Eu não os tratava com indiferença, eram pessoas normais que estavam restritos de um conjunto de condições, por isso ajudava-los.
10. Quais são as grandes diferenças em exercer a sua profissão fora e dentro da prisão?
É sempre diferente, porque dentro da cadeia há muito pouca gente que valorize aos sentimentos deles, não os valorizam enquanto pessoas.
11. Qual é a maior causa de lesões dentro dos estabelecimentos?
Acho que é a Auto-mutilação e agressão física. Se for acidente de carro, só se for de carro do lixo (risos).
Também ocorrem casos de greve de fome só para saírem de cela. Por vezes, engolem corta-unhas. Uma vez, um recluso cortou-se de propósito só porque queria que lhe dessem um comprimido, para compensar a falta de droga.
12. Os reclusos cooperam durante o tratamento?
Sim. Mas por vezes alguns escondem os comprimidos e depois vendem-nos.
13. Considera que os reclusos têm maior capacidade de fuga nas cadeias ou nos hospitais?
Só vi duas tentativas de fuga, um brasileiro que tentou saltar o murro e outros que sequestraram uma enfermeira.
Mas há sempre um “chibo”, que quando sabe o planeamento de uma fuga, denuncia os fugitivos, o que faz com que a sua pena seja atenuada.
14. Já houve algum acontecimento marcante para si?
Entrou uma miúda, colega da minha sobrinha, com HIV, sendo por isso a sua recuperação impossível, o que me deixava revoltada. Um dia, ela incendiou a cela, e morreu lá dentro.

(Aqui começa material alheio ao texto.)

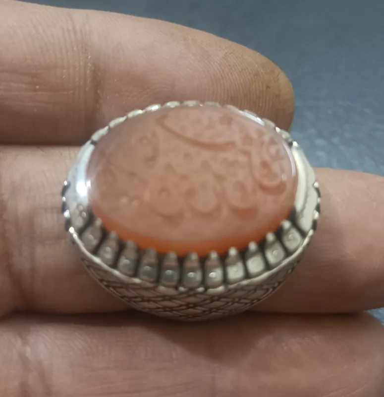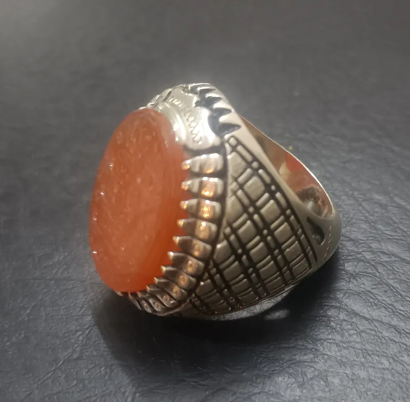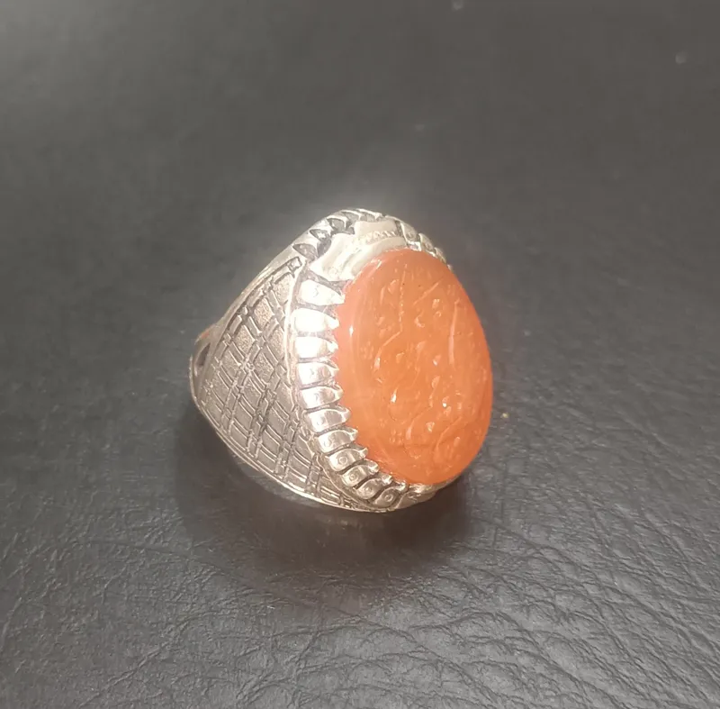 انگشتر نقره دست ساز دو مهرعقیق خراسان با خط محتشم

Outra história é uma rapariga chamada Cristina que foi assassinada. Entretanto, os responsáveis pela sua morte foram presos e devido à revolta da família de Cristina, esta pagou a alguém desconhecido no interior da prisão para matar o gang. Este caso foi “abafado”.
Outro caso impressionante foi de um recluso que era conhecido como o “violador das prostitutas do Algarve”. Após o cumprimento da pena, saiu em liberdade condicional, e quando chegou a casa violou a filha. Inacreditável!